I don't have this problem on blackflag in a conda environment.
Can you clone a new repo and test ?
Works fine. But when I run "gtftk -h", I have this message :
Python is not installed as a framework. The Mac OS X backend will not be able to function correctly if Python is not installed as a framework. See the Python documentation for more information on installing Python as a framework on Mac OS X. Please either reinstall Python as a framework, or try one of the other backends. If you are using (Ana)Conda please install python.app and replace the use of 'python' with 'pythonw'. See 'Working with Matplotlib on OSX' in the Matplotlib FAQ for more information.
I just have to reinstall matplotlib (conda install matplotlib) to remove the message.
I will have a look for matplotlib (now required as R dependencies have been replaced by Python code). Concerning "select_transcript" update, can you go to "feature_libgtftk_h80" branch. It contains the last update of libgtftk. Best
I just did that and it still works fine ! "gtftk get_example -d mini_real | gtftk feature_size -t mature_rna" runs like a charm !
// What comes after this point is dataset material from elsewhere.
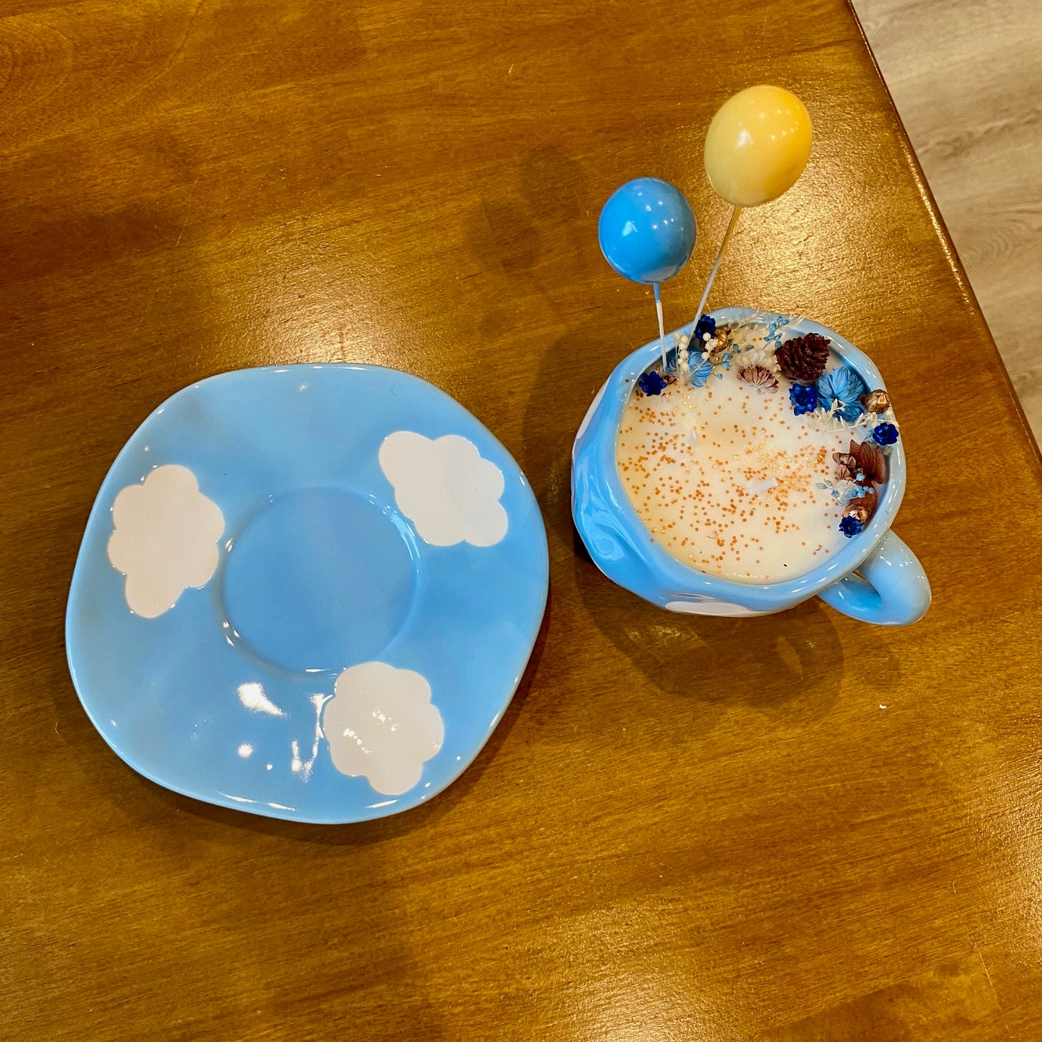 Plongez dans la poésie d'un voyage aérien avec cette bougie exclusive, coulée artisanalement dans une grande tasse en céramique ornée de nuages et accompagnée de sa soucoupe assortie. Les ballons décoratifs apportent une touche féerique et festive, rappelant l'évasion et les rêves d'enfance.

Hum... I clone it too and it seems ~ OK. The problem is that several test are not successfuly executed. I have to check.
Ah, OK. Now I get some additional lines with "?". Nice. I will have to deal with it.
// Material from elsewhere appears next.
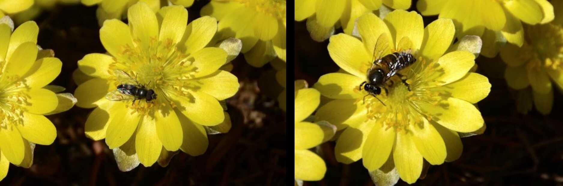 侧金盏花的访花昆虫食蚜蝇(左)与蜜蜂(右)

Yes a lot of test fail because of "?". Especially, you have to update "tabulate".
The command
gtftk get_example -d mini_real | gtftk select_most_5p_tx | gtftk select_by_key -k gene_name -v RAB13 | gtftk select_by_key --select-transcripts | gtftk 5p_3p_coord -t transcript | bedtools sort
you put at the beginning of this issue doesn't work because "gtftk get_example -d mini_real" give a GTF without gene lines. "select_most_5p_tx" function needs gene lines to perform. So if you add a "gtftk convert_ensembl" before calling "gtftk select_most_5p_tx", that works fine.
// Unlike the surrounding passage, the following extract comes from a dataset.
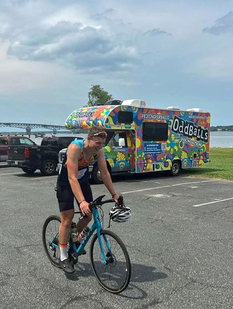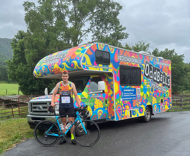 James Gray was inspired to take on the physical challenge of cycling across the USA as a way of raising funds for The Oddballs Foundation, after hearing about how many men are impacted by testicular cancer from a foundation ambassador during a talk at university. For his ride, James planned a route that allowed him to meet up with people who have beaten the disease as he cycled through their neighbourhood.

This one is fixed in cd2bda89901d8d7de926148c6df8260bc7640393
Hi, Working a little bit on improving tests I realized that select_trancript with argument 3 is not selecting transcript with the most 5' TSS.
Without call to select_most_5p_tx. Selecting gene ISG15 we obtain 3 transcripts.
Now we also ask for the most 5':
Unfortunately, on forward strand, we expect ENST00000624697.